Top of Given data

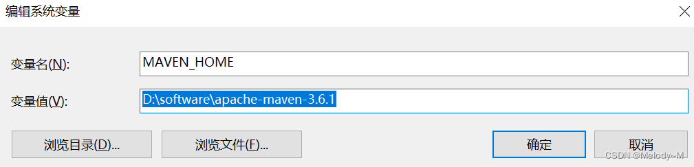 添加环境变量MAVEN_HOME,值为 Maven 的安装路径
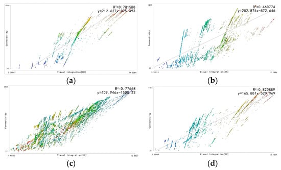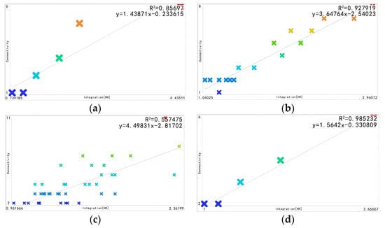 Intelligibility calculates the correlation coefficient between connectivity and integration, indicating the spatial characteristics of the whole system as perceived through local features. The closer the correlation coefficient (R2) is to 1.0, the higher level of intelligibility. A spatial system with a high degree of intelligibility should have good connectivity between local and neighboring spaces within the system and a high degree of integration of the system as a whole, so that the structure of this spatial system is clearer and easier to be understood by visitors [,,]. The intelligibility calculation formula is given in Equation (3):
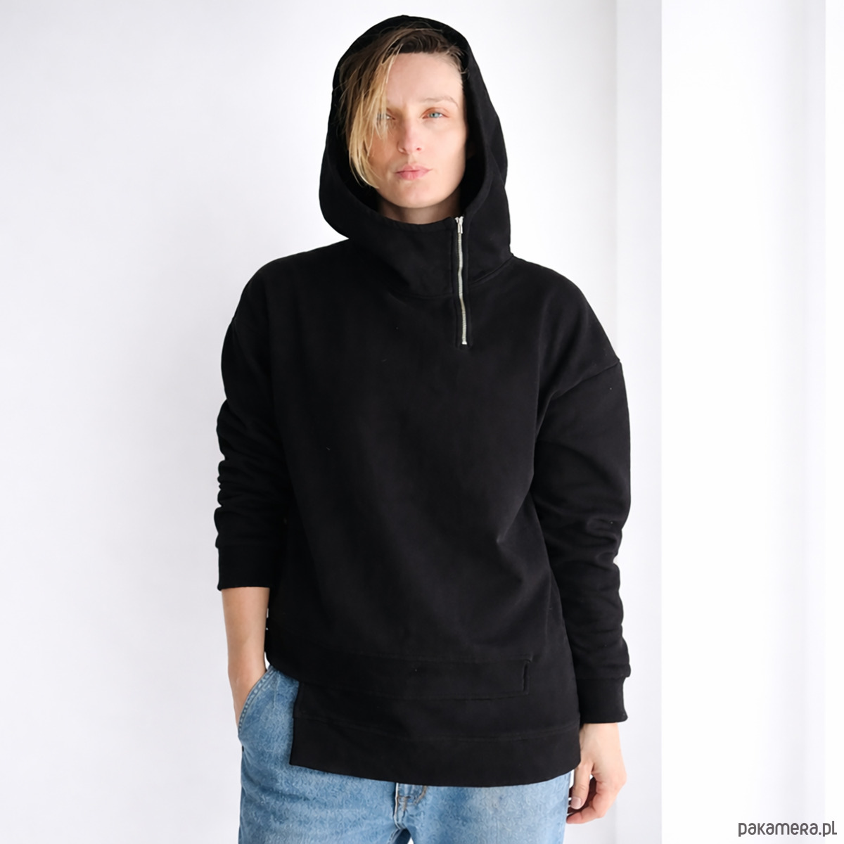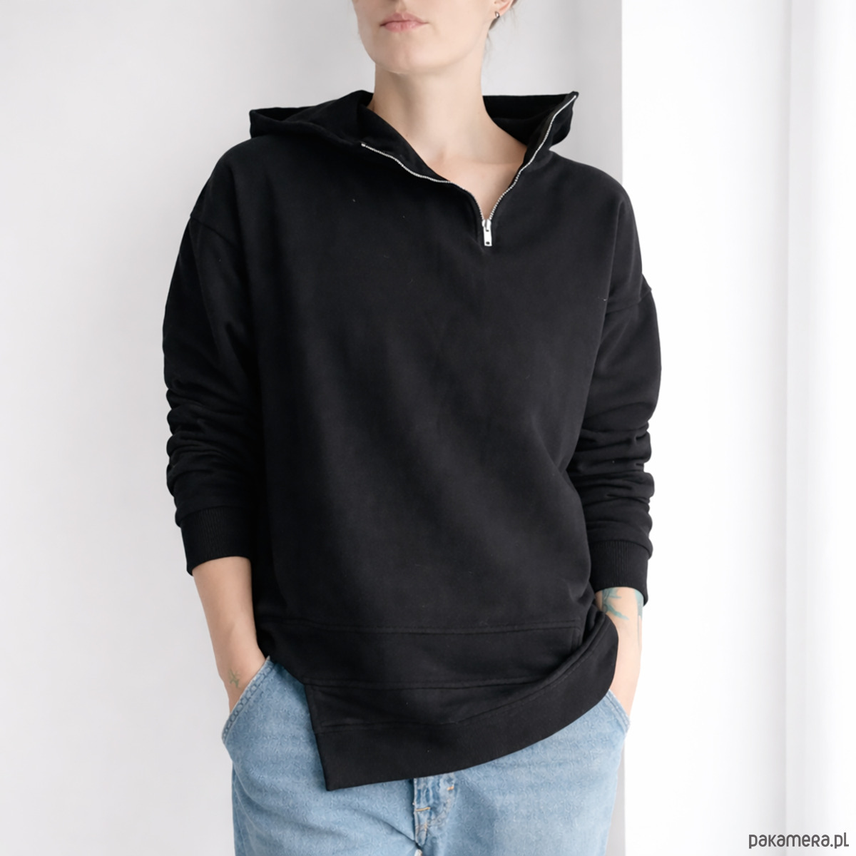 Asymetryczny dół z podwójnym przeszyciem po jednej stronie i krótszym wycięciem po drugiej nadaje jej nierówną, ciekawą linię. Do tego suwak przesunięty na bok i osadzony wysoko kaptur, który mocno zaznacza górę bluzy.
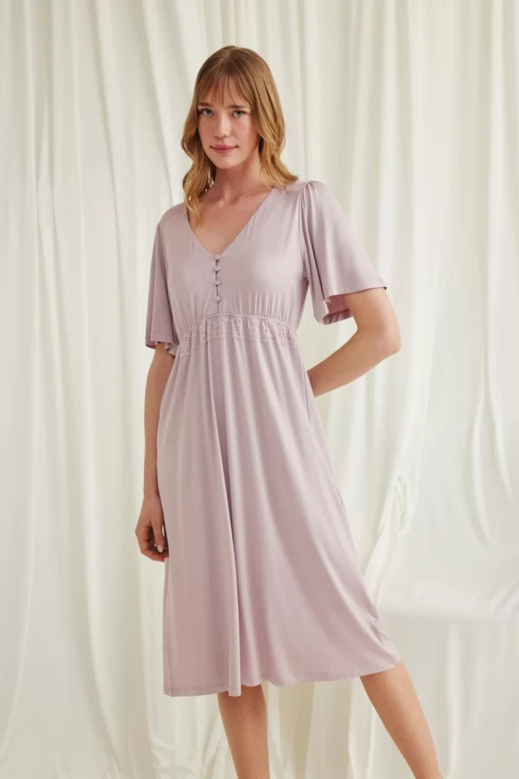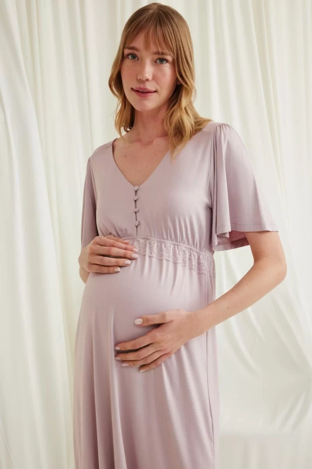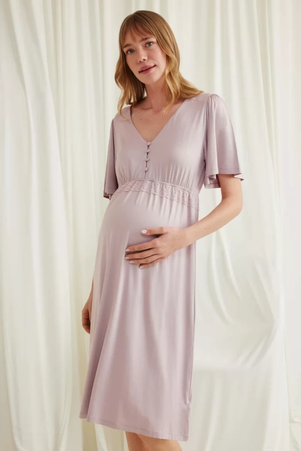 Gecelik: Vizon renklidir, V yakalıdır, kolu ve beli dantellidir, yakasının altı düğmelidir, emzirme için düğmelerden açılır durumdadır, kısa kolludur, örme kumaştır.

Bottom of Given data

- Exercise instructions
Print the preceding material over again exactly. Please leave the pictures out.

- Written response
 添加环境变量MAVEN_HOME,值为 Maven 的安装路径
 Intelligibility calculates the correlation coefficient between connectivity and integration, indicating the spatial characteristics of the whole system as perceived through local features. The closer the correlation coefficient (R2) is to 1.0, the higher level of intelligibility. A spatial system with a high degree of intelligibility should have good connectivity between local and neighboring spaces within the system and a high degree of integration of the system as a whole, so that the structure of this spatial system is clearer and easier to be understood by visitors [,,]. The intelligibility calculation formula is given in Equation (3):
 Asymetryczny dół z podwójnym przeszyciem po jednej stronie i krótszym wycięciem po drugiej nadaje jej nierówną, ciekawą linię. Do tego suwak przesunięty na bok i osadzony wysoko kaptur, który mocno zaznacza górę bluzy.
 Gecelik: Vizon renklidir, V yakalıdır, kolu ve beli dantellidir, yakasının altı düğmelidir, emzirme için düğmelerden açılır durumdadır, kısa kolludur, örme kumaştır.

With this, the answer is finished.